According to Guinness World Records, the record for ducks in Test match cricket is 43 and is held by one of the greatest, if not the greatest, tail-enders of all time, Courtney Walsh. Born in Kingston, Jamaica on October 30. 1962, Walsh was, of course, best known as an aggressive fast bowler who, alongside Curtley Ambrose, formed a formidable new-ball partnership throughout the nineties. Indeed, on March 19, 2001, Walsh became the first bowler in history to take 500 Test wickets and by the time of his retirement from international cricket, at the end of the fifth and final Test of the South Africa Tour of West Indies at Sabina Park, Kingston on April 23, 2001, had increased his career tally to a then-record 519 Test wickets.

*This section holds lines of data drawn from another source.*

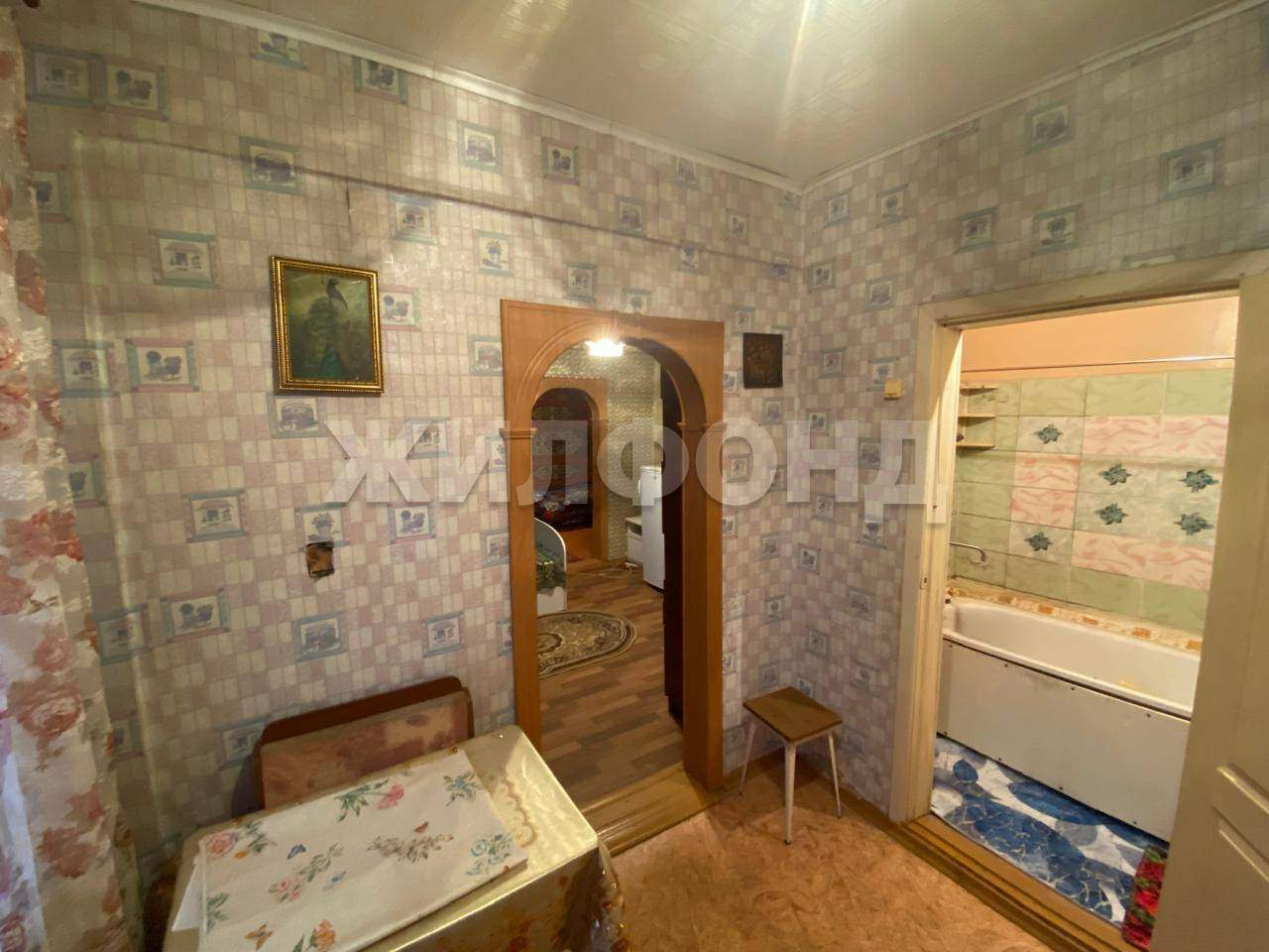Обычное состояние, на полу ДВП, на стенах обои, на потолке ПВХ-плитка. Все окна ПВХ. Санузел с ванной - совмещенный. Новым собственникам остается вся мебель.
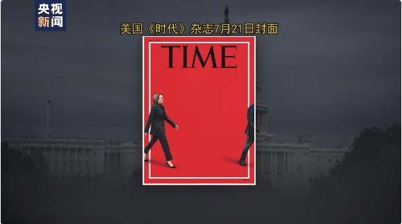 拜登宣布退出总统竞选后,美国《时代》杂志21日推出了新的封面图,其中显示拜登逐渐从画中走出,只留下一个背影,而哈里斯正走入画中。同时,该杂志还附上了其于6月28日,也就是第一次总统辩论的第二天发布的电子版封面。图中,拜登走向画面边缘,身后有“恐慌”字样。
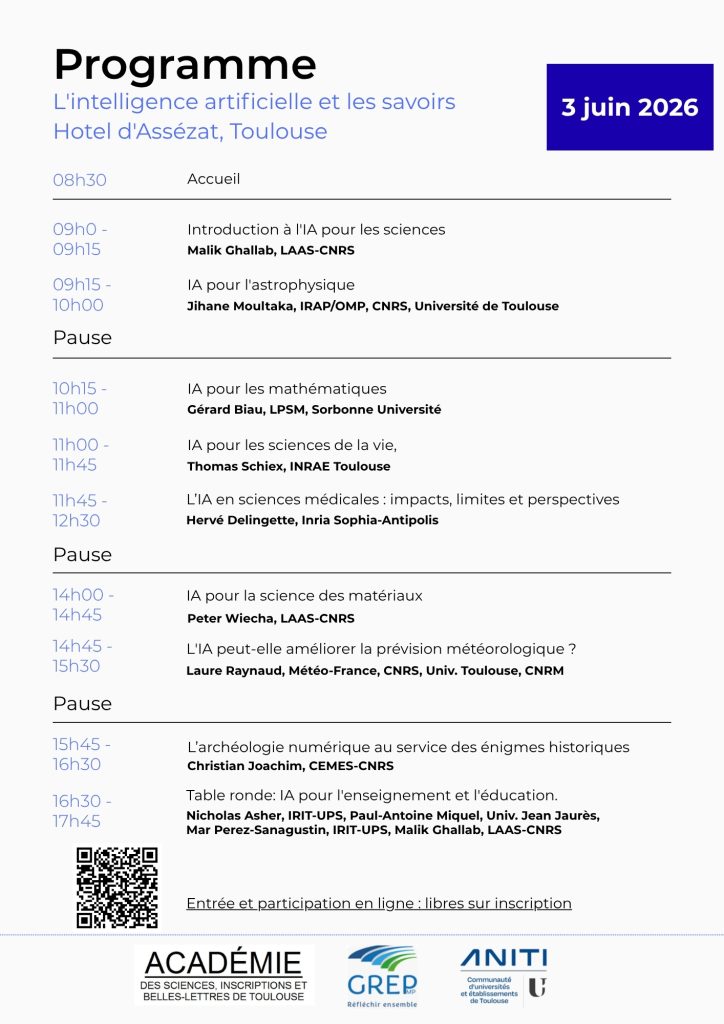 The mercredi 3 juin 2026, la salle Clémence Isaure de l’Hôtel d’Assézat accueillera cet événement dédié aux interactions entre l’intelligence artificielle et l’évolution des sciences. Co-organisé par l’Académie des Sciences, Inscriptions et Belles-Lettres de Toulouse, le GREP et ANITI, ce colloque s’adresse à un large public de personnes curieuses de science et des évolutions récentes de ses méthodes avec l’intelligence artificielle (IA).

However, while Walsh was world class with the ball, he was the epitome of an out-and-out specialist bowler, whose comical antics with the bat became the stuff of legend. ‘Cuddy’, as he was known to his friends and family, made his Test debut in the first Test of the West Indies tour of Australia at the Western Australia Cricket Association (WACA) in Perth on November 10, 1984. He scored 9 not out in a West Indies first innings total of 416 – the first of 61 occasions on which he would be left at the crease at the end of a Test match innings – and did not need to bat again as the tourists won by an inning and 112 runs.

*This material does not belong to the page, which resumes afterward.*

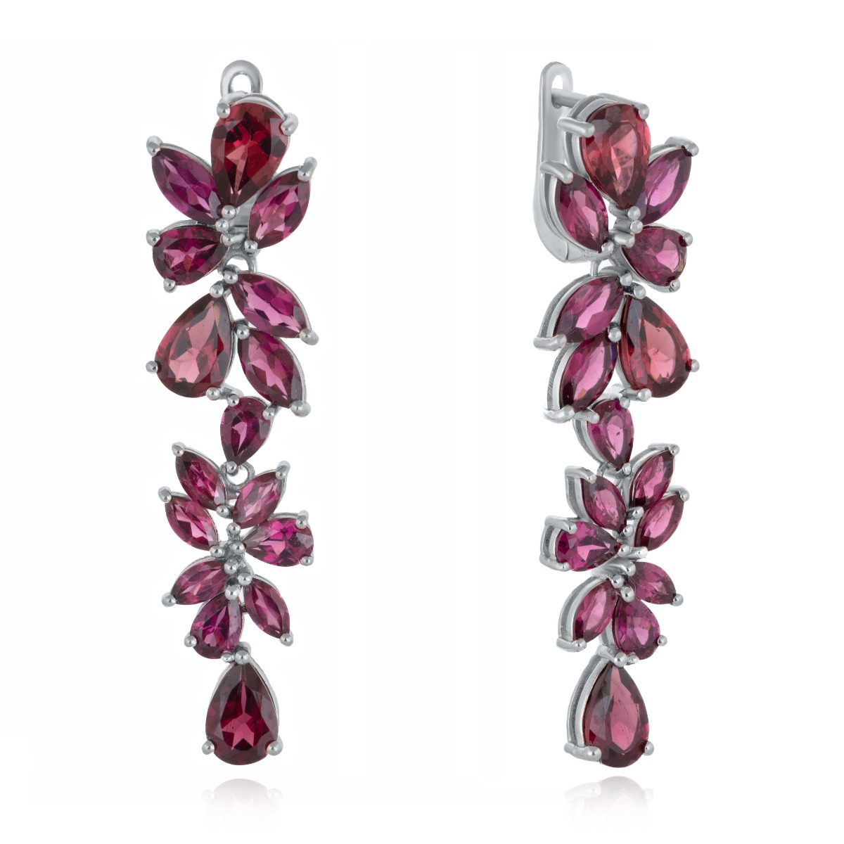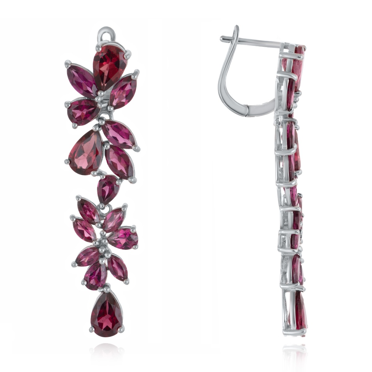 Елегантни дамски обеци с английско закопчаване, красив водопад от многобройни камъни естествен родолит, допълнени от изтънчен дизайн от родирано сребро. В изключителен комплект с висулка и пръстен. Всички бижута с естествени камъни са придружени от специален сертификат, удостоверяващ автентичността им. На този сертификат можем да изпишем и лично послание за Вас или за когото е бижуто.
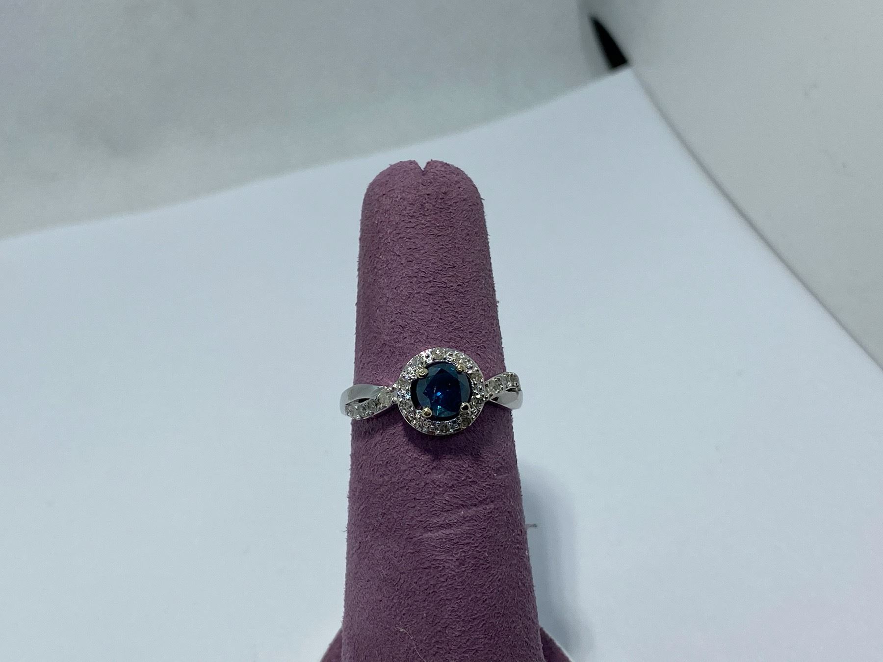 14K WHITE GOLD BLUE/GREEN DIAMOND RING

All told, Walsh played 132 Test matches for West Indies and, in 185 innings, scored 936 runs at an average of 7.54. Highlights of his less-than-stellar career as a Test match batsman included a high score of 30, achieved during a partnership of 57 with Ambrose for the ninth wicket in the first innings of the third Test of the West Indies tour of Australia at Melbourne Cricket Ground (MCG) in December, 1988. Lowlights, though, included a ‘pair’, when captain, in the second Test of the West Indies tour of Pakistan at Rawalpindi Cricket Stadium in 1997.